なお単にガン検診を普及させるだけでなく女性若年層のガンについて行政としての何らかの対応が必要ではないか。また既に対応しているとしたらどのようなことをされているのお聞かせ願いたい。
 またこの30代から50代前半は男性もそうだが家庭内でもまた社会でも期待される年代であり、特にこの年代では子供も未だ小さかったり、その死が家庭に及ぼす影響は計り知れないと思う。 50を過ぎれば認識の差はあれ自分の人生の残りや死に様を考え出すだろうが、30代から40代では死を考え始める年代と比べ相当なものがあるだろう。
 癌は言うまでもなく脳血管症や心疾患と違い一瞬に死ぬことはない。今治る人も多いが、死を迎えるにはそれ相当な時間があり、患者自身また家族も十分に考える時間が残されている。   
精神的なケアも必要になるだろう。癌を知らされたとき一般的に困るのは何処に誰に相談して良いか分からないことであり、孤独感と情報遮断の中で鬱や精神的不安に陥り、あげく単一情報で禍根を残す選択をしてしまうこともある。
 病気だからと病院、医療機関にだけに任せるのではなく保健所での相談など市民の不安を取り除くために行政として具体的な取り組みが必要と思うが、いかがか。
 2,在宅ターミナルケア及び在宅治療について
市長、病院長に
 次に人間は生まれたからには一度は死ぬこと。死ぬことは生きること。どう死ぬかは人生最大のテーマでもあるので、終末医療について伺う。

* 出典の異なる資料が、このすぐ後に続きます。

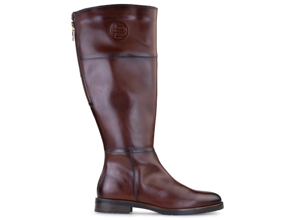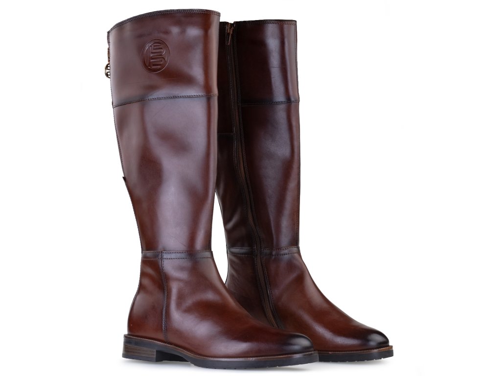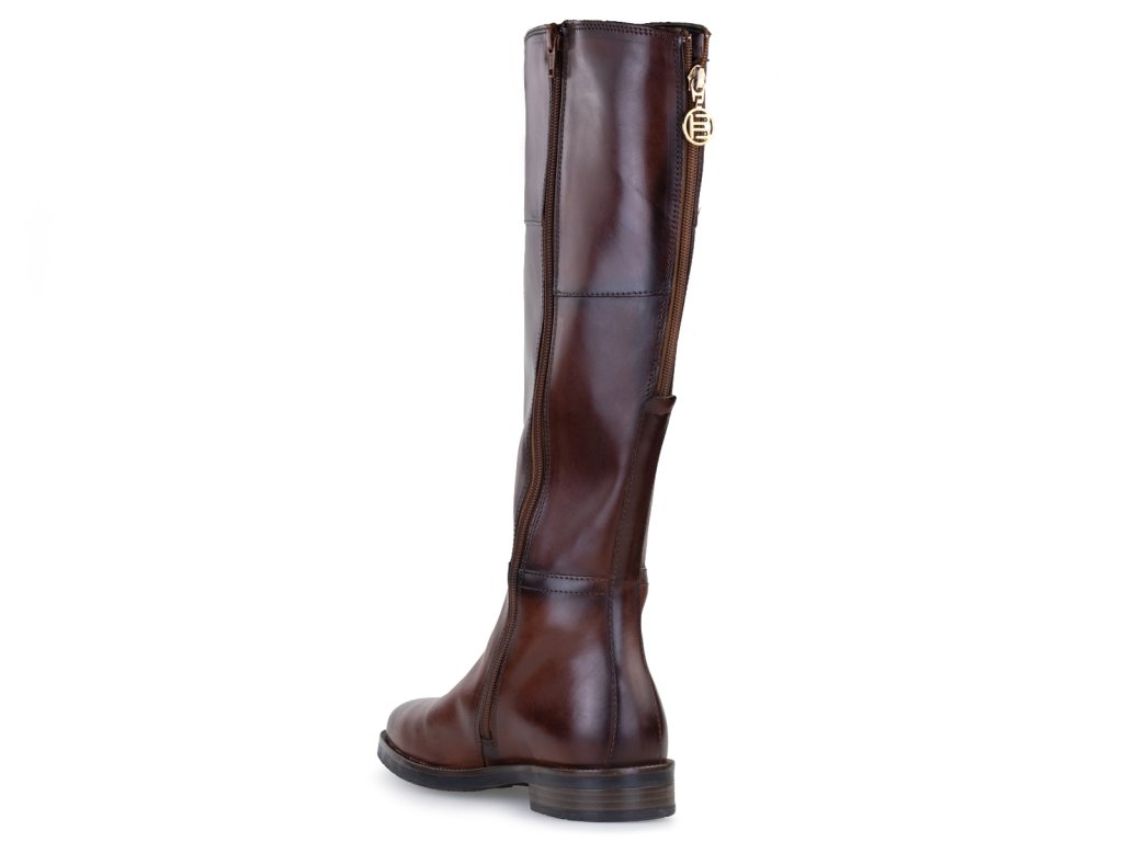 Krásně prošité i vybarvené kozačky v barvě kůže, ozdobené prolisem písmene B na lýtku. Na zadní straně boty si můžete díky klínku na zip zvětšit obvod lýtka.

私も一昨年自らの体験から死の受容を考えた。実際に死ぬときは何処が良いかも当然考えた。また私が入院していた県立ガンセンターの医療従事者向けアンケートも見る機会を得た。 さてここで具体的に質問する前に市長及び病院長にお伺いしたい。人生の終末を考えたとき、それを迎える場所として何処を希望されるか。病院でしょうか、家庭でしょうか、ホスピスでしょうか、如何。
 また健康なうちからこの問題を家族間で話し合っておくことが重要だと思いますが、市長、病院長とも家族ではなし合っておられるでしょうか。また同時に無駄な延命治療は受けたくないとお思いでしょうか併せお聞かせ下さい。
 次に尊厳ある終末を求めることが横須賀市民として可能か、今市民がそれを病院に言いやすい状態にあるのかお聞きします。
以下質問項目を列記します。順不同
・病院長に 
市民病院として医師、看護師、薬剤師にまず自分が末期を迎えたら何処で終末を迎えたいかアンケートをとって欲しい。如何か。
・病院長に
ガンセンターなどのアンケート結果、また11月23日の毎日新聞報道にあるように医療の現場を知っている医療職や介護職は在宅死を望む者が多く、一方患者は家族への遠慮などから在宅死希望は医療職の半分止まりで6割は病院で死にたいと答えている。 このギャップは患者に情報がキチンと伝わっていないからではないか。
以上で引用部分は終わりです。